そして食物繊維やポリフェノールもつぶあんの方が多いです。

そのためこしあんのようかんなどの和菓子よりもつぶあんのおはぎ、たい焼き、いちご大福の方がポリフェノールや食物繊維の量が多いです。

ですが鉄分は皮よりも実に多く含まれるので、こしあんの方が多く含まれています。

あんこの鉄分は冬の肌トラブルにも効果があります。

あんこに含まれる鉄分はほうれん草の1.4倍とかなり豊富です。

※あんこの鉄分2.8㎎、ほうれん草2.0㎎

乾燥すると肌のコラーゲンがダメージを受けますが、あんこに含まれる鉄分がコラーゲンを作るのに必要です。
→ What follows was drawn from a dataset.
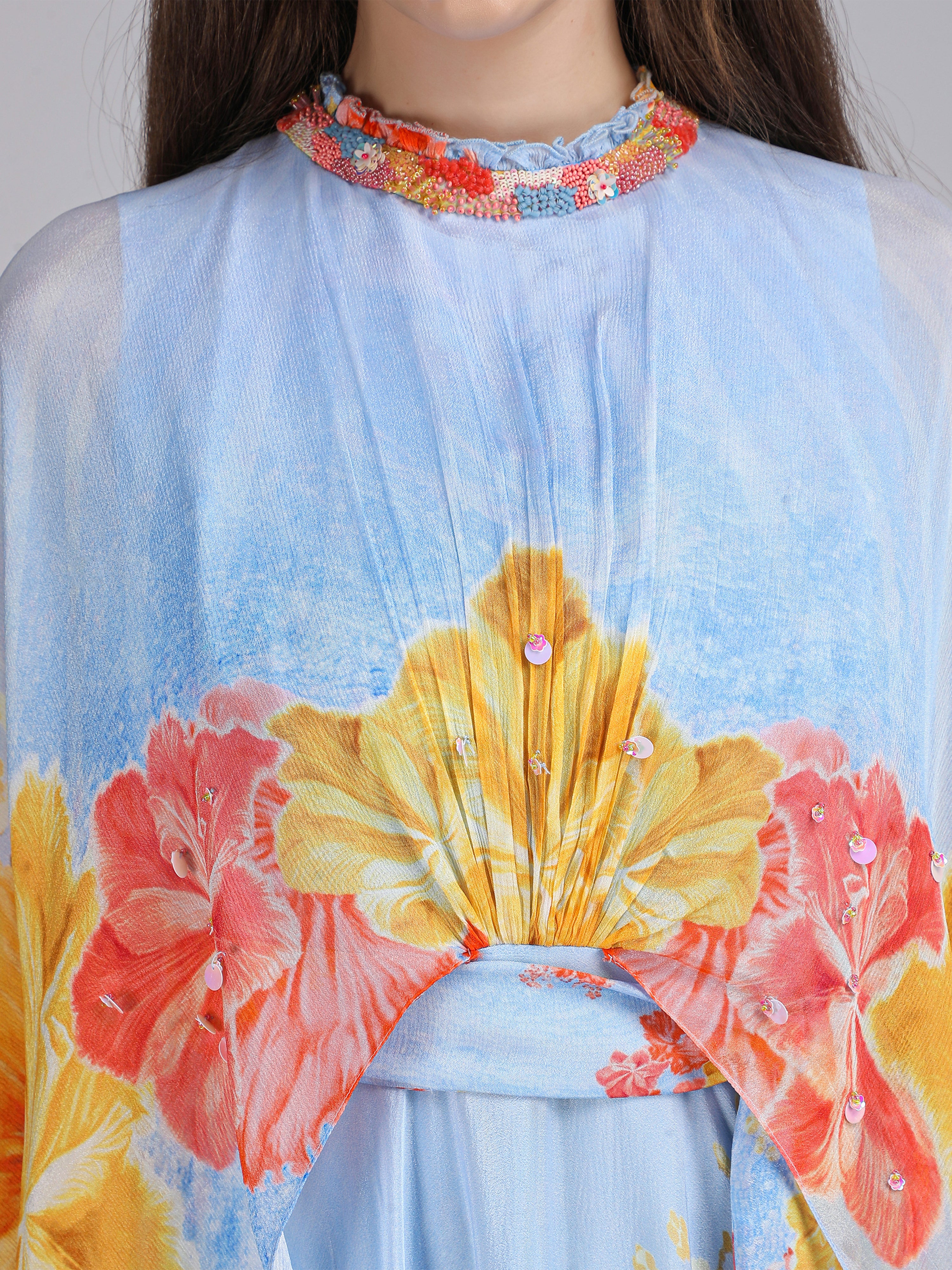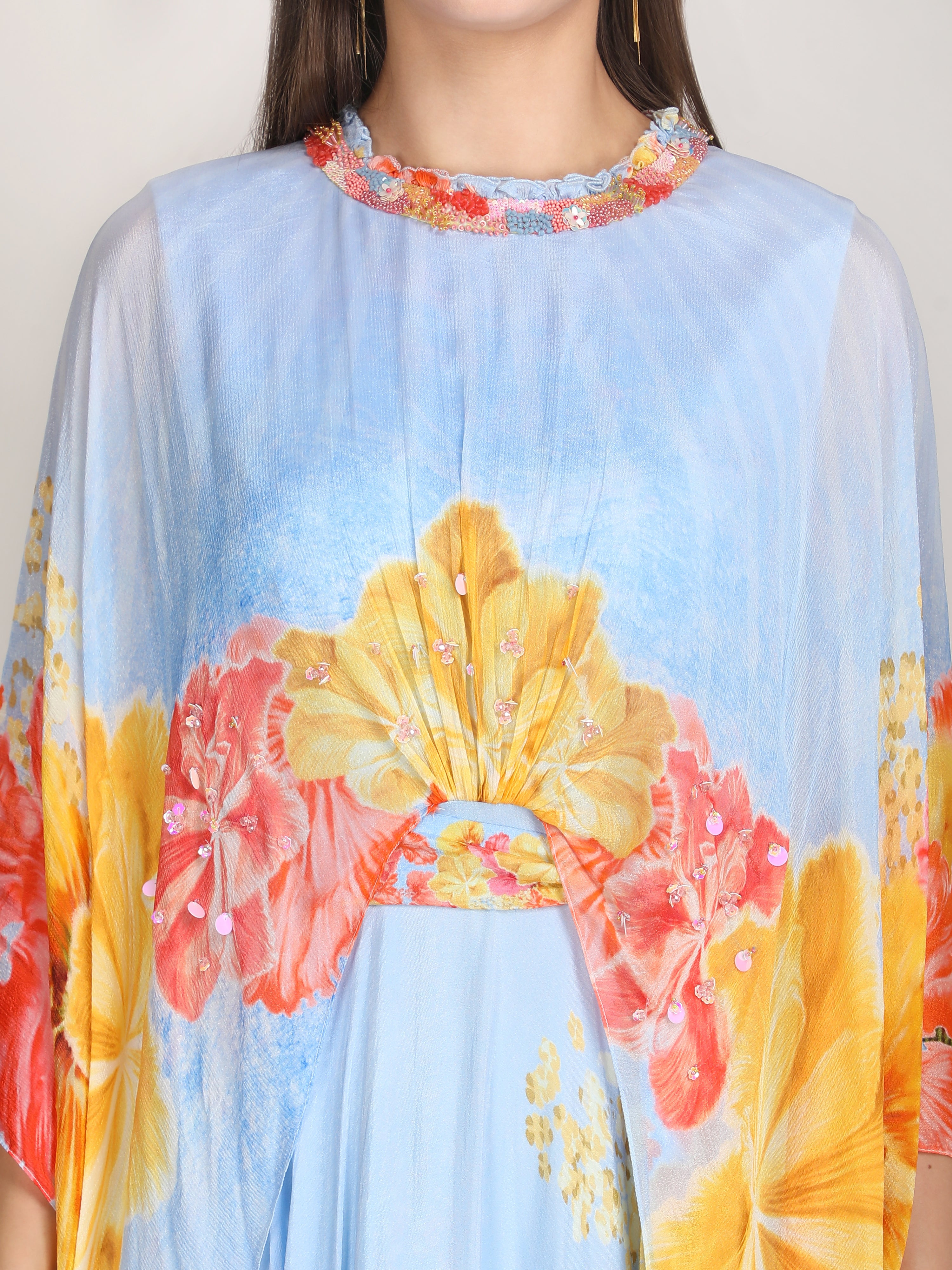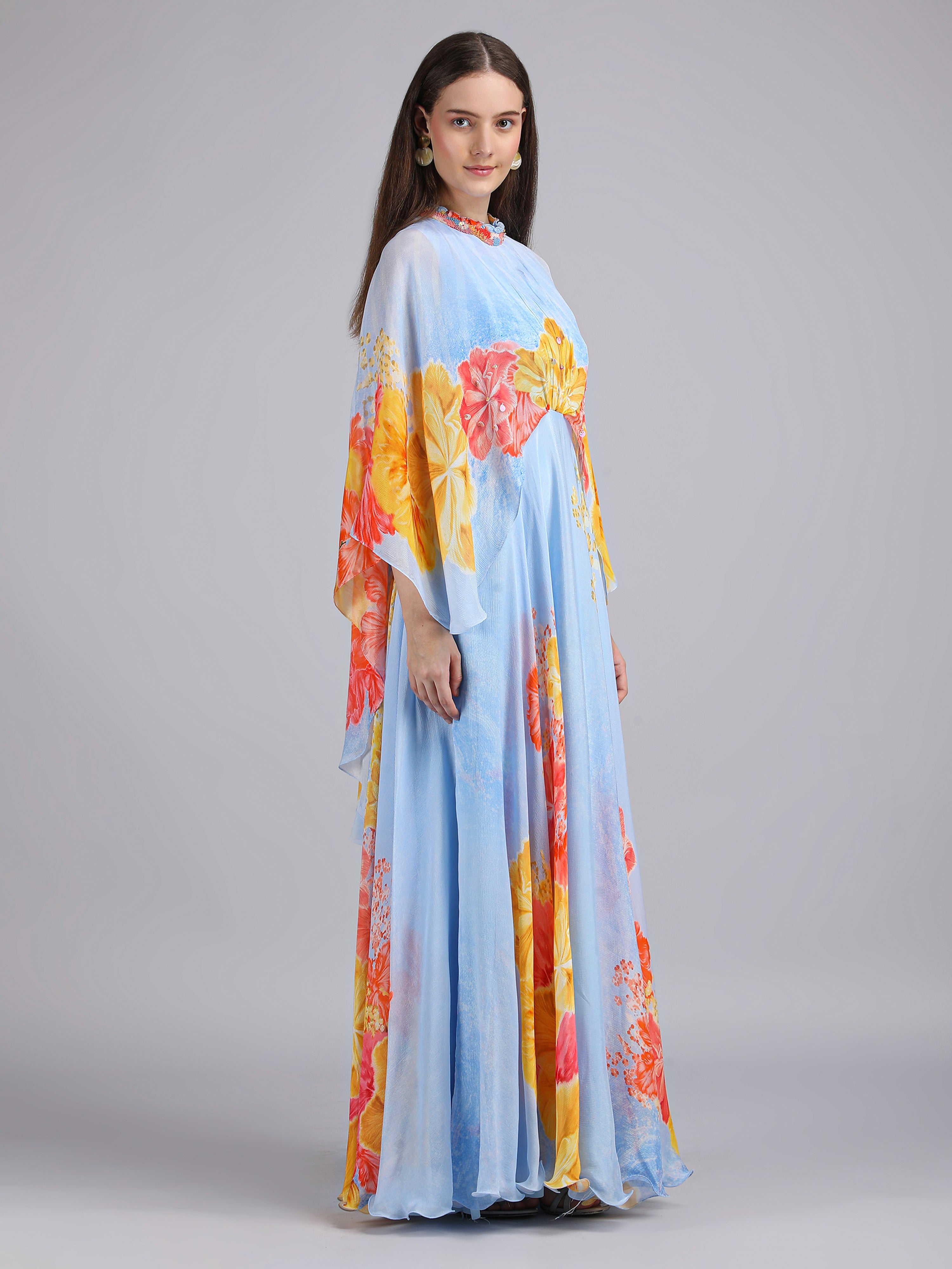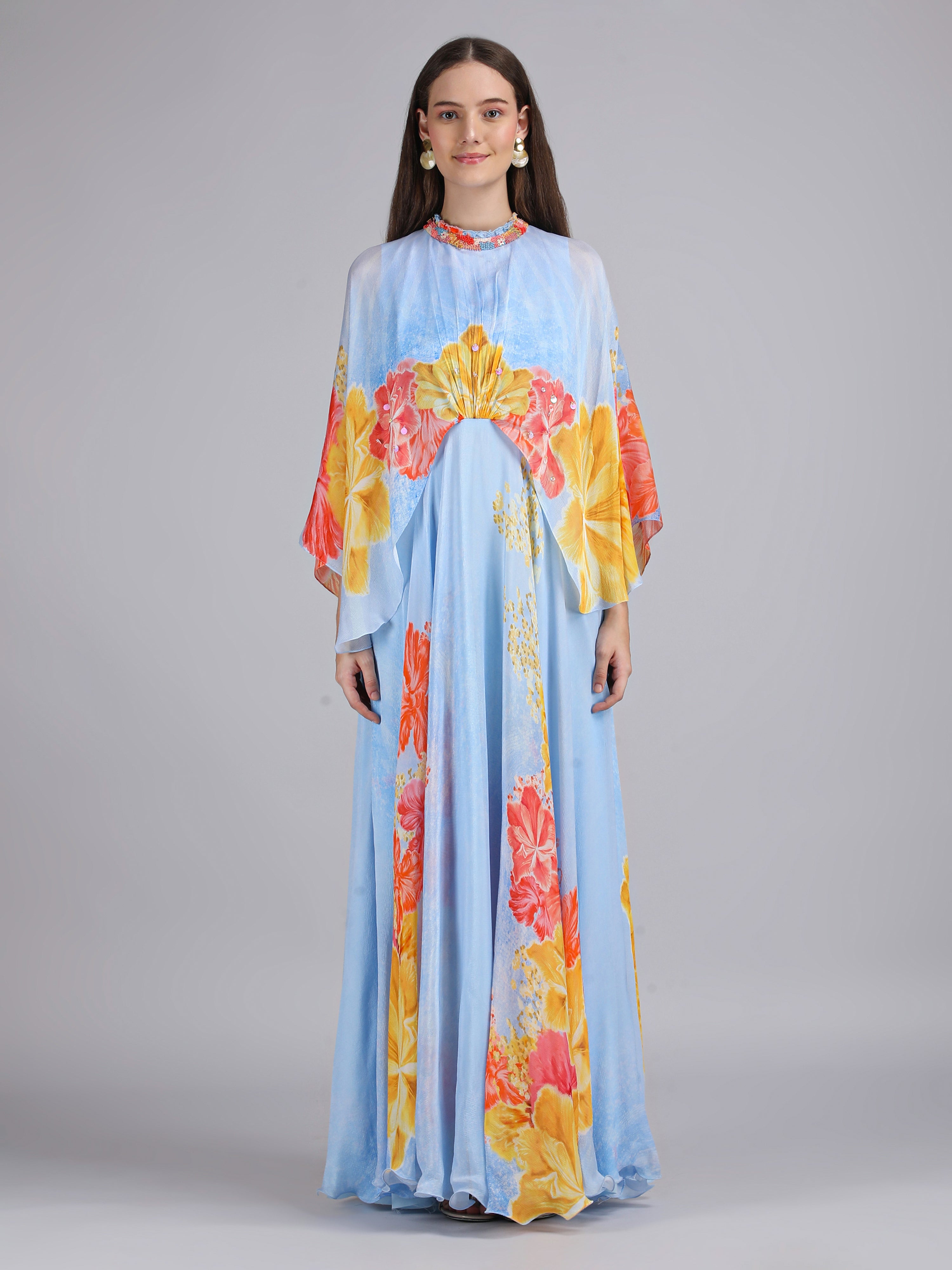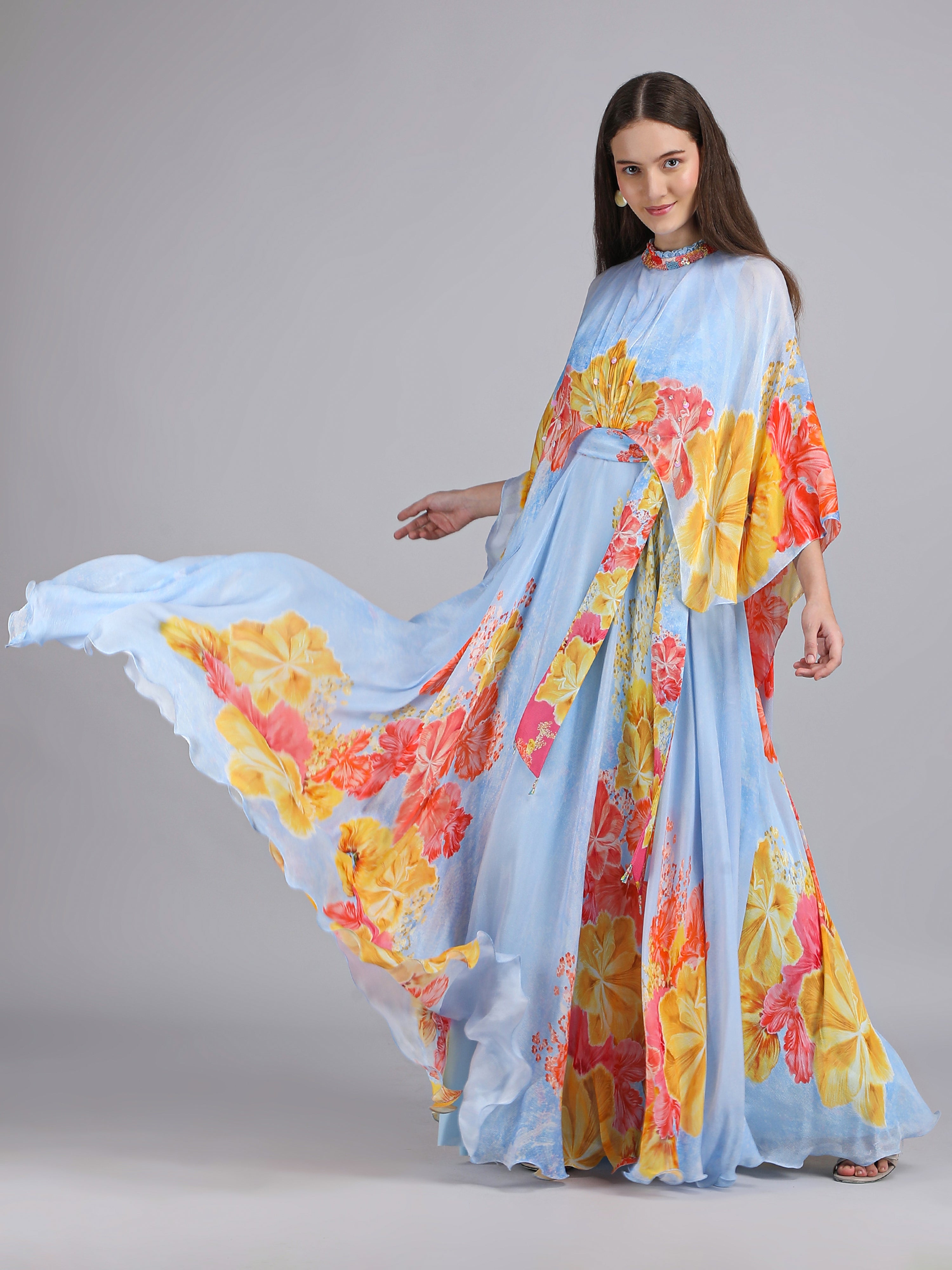Stand out in this Faux Cosmos Sky base printed cape dress, elevated with intricate embroidery detailing for a refined, statement-making silhouette.

(その他にもタンパク質、ビタミンCもコラーゲンには必要です)

鉄分が取れる和菓子は 草餅ときなこおはぎ(こしあん)よもぎやきなこにも鉄分が多いのでダブルの効果が期待できます。

赤飯の栄養を逃がさない食べ方

甘い物が苦手な人は赤飯で栄養を摂りましょう。

その場合赤飯を炊く前に小豆を冷凍にするのがおすすめです。

小豆を茹でから冷凍にすることで細胞壁がこわれ、栄養成分が吸収しやすくなります。

まとめ

  • あんこの原料小豆はポリフェノールがワインの1.5倍もある
  • 炭水化物が多いが食物繊維と難消化性でんぷんで腸内環境を改善する
  • ダイエット・健康・美容効果が期待できる
  • こしあんは低カロリー、つぶあんは栄養価が高い

といった特徴があります。

また小豆からあんこにしても新しい抗酸化成分のメラノイジンが発生するので、ポリフェノールの量は減りますが、抗酸化成分の量は増えます。

そして栄養価に関しては

  • タンニンやポリフェノールなどの抗酸化成分はつぶあんが豊富
  • 鉄分はこしあんが豊富

と言われています。

悩んでいる症状に合わせて選んでください。

今まであんこは太るからと遠慮していたかもしれませんが、実はダイエットに良い食べ物だったのです。

ただ、ついつい食べてしまいがちになるので食べ過ぎだけは注意しましょう。